Hematology researchers at McMaster University have made a groundbreaking discovery, providing an explanation for spontaneous and unusual blood clotting that continues to occur despite treatment with full-dose blood thinners.
The discovery, published this month in The New England Journal of Medicine, is expected to influence how doctors test for, and treat patients with, unusual or recurrent blood clotting, with the potential to improve patient outcomes.
The researchers found this new blood clotting disorder has certain similarities to vaccine-induced immune thrombocytopenia and thrombosis (VITT) – a rare, aggressive clotting disorder that was caused by certain discontinued COVID-19 vaccines.
The research reveals that certain patients can develop severe blood clotting due to antibodies that closely resemble those that cause VITT, even in the absence of known triggers for such antibodies, such as blood thinners (heparin) or prior vaccination.
The newly identified disorder has been termed VITT-like monoclonal gammopathy of thrombotic significance (MGTS).
“Our study highlights the importance of recognizing and diagnosing this new blood-clotting disorder,” said Theodore (Ted) Warkentin, co-first author and corresponding author of the study, and professor emeritus in McMaster’s department of Pathology & Molecular Medicine.

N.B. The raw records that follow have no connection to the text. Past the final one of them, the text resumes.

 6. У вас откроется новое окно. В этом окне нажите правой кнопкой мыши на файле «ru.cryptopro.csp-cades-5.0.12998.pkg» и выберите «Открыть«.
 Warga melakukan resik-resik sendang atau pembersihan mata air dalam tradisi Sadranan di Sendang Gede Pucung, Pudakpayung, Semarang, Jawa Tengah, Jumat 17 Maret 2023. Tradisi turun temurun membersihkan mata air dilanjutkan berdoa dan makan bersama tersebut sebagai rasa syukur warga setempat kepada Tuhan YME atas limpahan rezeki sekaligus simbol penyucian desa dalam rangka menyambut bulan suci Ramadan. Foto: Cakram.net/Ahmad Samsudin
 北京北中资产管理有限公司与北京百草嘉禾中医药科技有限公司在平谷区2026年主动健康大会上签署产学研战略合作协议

“By understanding how to diagnose VITT-like MGTS, we can develop more effective treatment strategies that go beyond traditional anticoagulation,” said Warkentin, a hematologist in the department of Medicine based at Hamilton Health Sciences’ Hamilton General Hospital.

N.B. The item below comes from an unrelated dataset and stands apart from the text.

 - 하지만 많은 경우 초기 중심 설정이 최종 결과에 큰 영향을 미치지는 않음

Specialized testing was conducted at the McMaster Platelet Immunology Laboratory within the Michael G. DeGroote Centre for Transfusion Research, the only laboratory in Canada with the full repertoire of testing required to characterize the VITT-like antibodies that target the PF4 protein.

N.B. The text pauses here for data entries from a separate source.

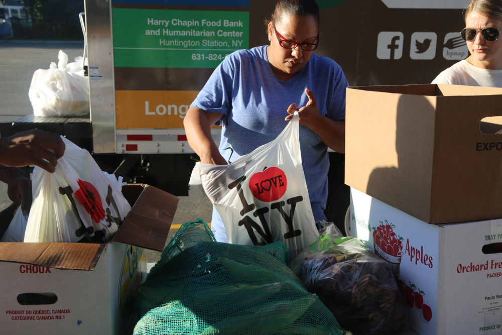 Parked outside Roanoke Avenue Elementary School last Thursday afternoon, volunteers from Long Island Cares filled bags with corn, apples, ground turkey and more for community members in need.
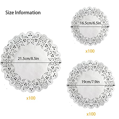 【3 Formati】Ci sono 3 formati di carta pizzo torta, 100 pezzi da 6,5 ", 7,5" e 8,5 "ciascuno. Queste 3 dimensioni e quantità possono sostanzialmente coprire tutte le tue esigenze quotidiane.
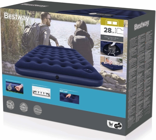 O saltea gonflabilă practică și confortabilă pentru două persoane, cu dimensiunile 203 × 152 × 28 cm, asigură un somn liniștit acasă și în călătorii. Datorită pompei de picior integrate o umflați ușor fără electricitate, construcția coil‑beam asigură stabilitatea, iar perna integrată și suprafața din vinil moale sporesc confortul. Supapa cu două sensuri facilitează umflarea rapidă și dezumflarea.
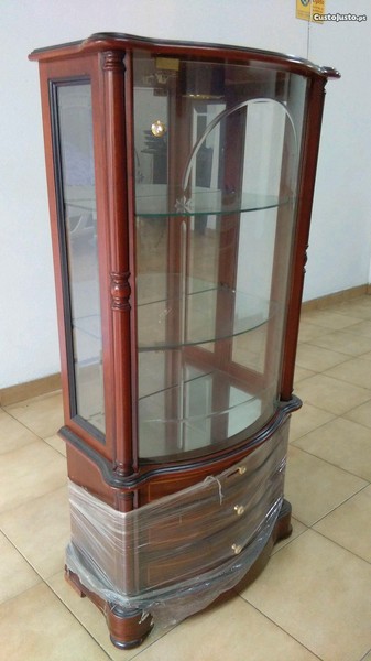 Vitrine em mogno com porta, prateleiras e laterais, tudo em vidro.
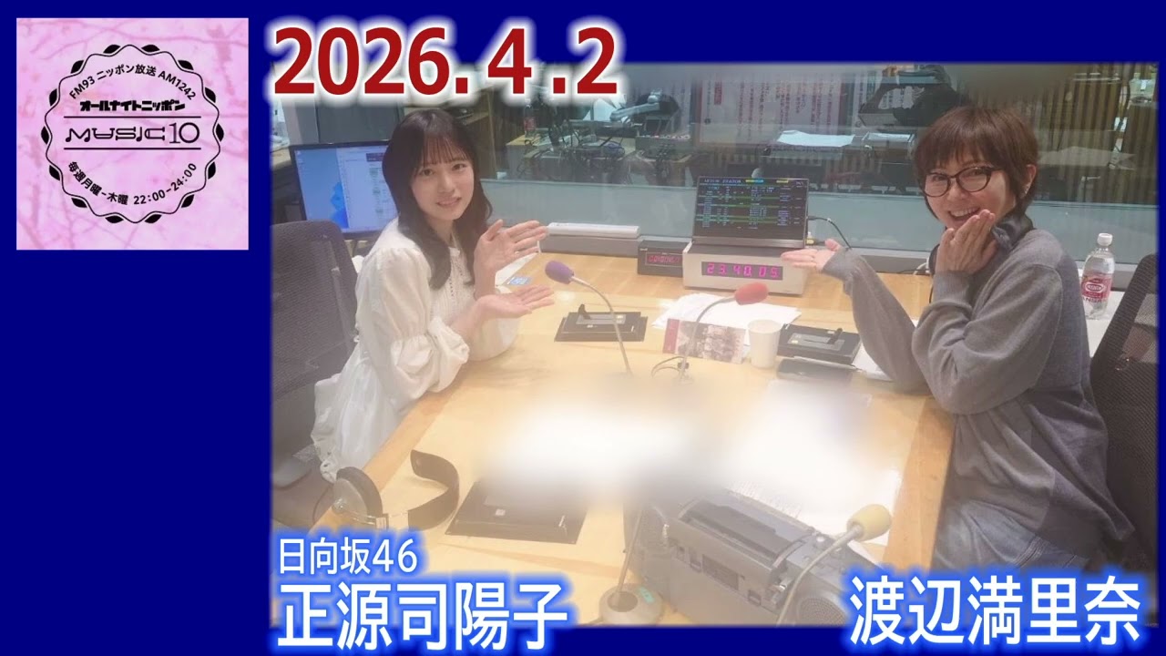 20260402 渡辺満里奈 オールナイトニッポンMUSIC10 ゲスト 日向坂46 正源司陽子 HINATAZAKA46日向坂46正源司陽子 Write A Commentコメントを投稿するにはログインしてください。

Researchers performed a detailed analysis of cases exhibiting unusual blood-clotting despite patients being on full-dose blood thinners, focusing on those patients who had unexplained VITT-like antibodies that were detectable for a year or more.
The analyses identified the presence of M (monoclonal) proteins (which typically indicate plasma cell disorders), and together with the persisting VITT-like reactivities over at least 12 months (which is highly unusual for most anti-PF4 antibodies), thus pointing to an ongoing pathological process rather than a short-term anomaly.
The study included a multinational collaboration, with data collected from five patients treated at institutions in Canada, New Zealand, France, Spain, and Germany.
Collaborator Jing Jing Wang of Flinders University in Australia played a crucial role in proving for each patient that the M proteins are the pathological VITT-like antibodies. Collaborator Andreas Greinacher of Greifswald University in Germany helped in identifying similar cases in his anti-PF4 reference lab.
“The findings of this study underscore our ability to leverage fundamental molecular and biochemical science to unravel disease mechanisms,” said co-lead author Ishac Nazy, director of the McMaster Platelet Immunology Laboratory and co-director of the Michael G. DeGroote Centre for Transfusion Medicine.
“This approach enables precise patient diagnosis and informs timely treatment strategies, even for previously unidentified diseases, exemplifying true bench-to-bedside translational medicine,” said Nazy, an associate professor in the department of Medicine at McMaster.
A remarkable observation was that each of the patients had failed blood thinning treatment, but they showed some benefit with unusual treatments, such as high-dose intravenous immunoglobulin (IVIG), Bruton tyrosine kinase inhibitors (ibrutinib), and plasma cell-targeted myeloma therapy.
The existence of this novel blood clotting disorder has important implications for how health care providers will evaluate patients who develop unusual or difficult to treat blood clots in the future.
The research was funded by the Canadian Institutes of Health Research (CIHR), the Public Health Agency of Canada, and the Heart and Stroke Foundation of Canada.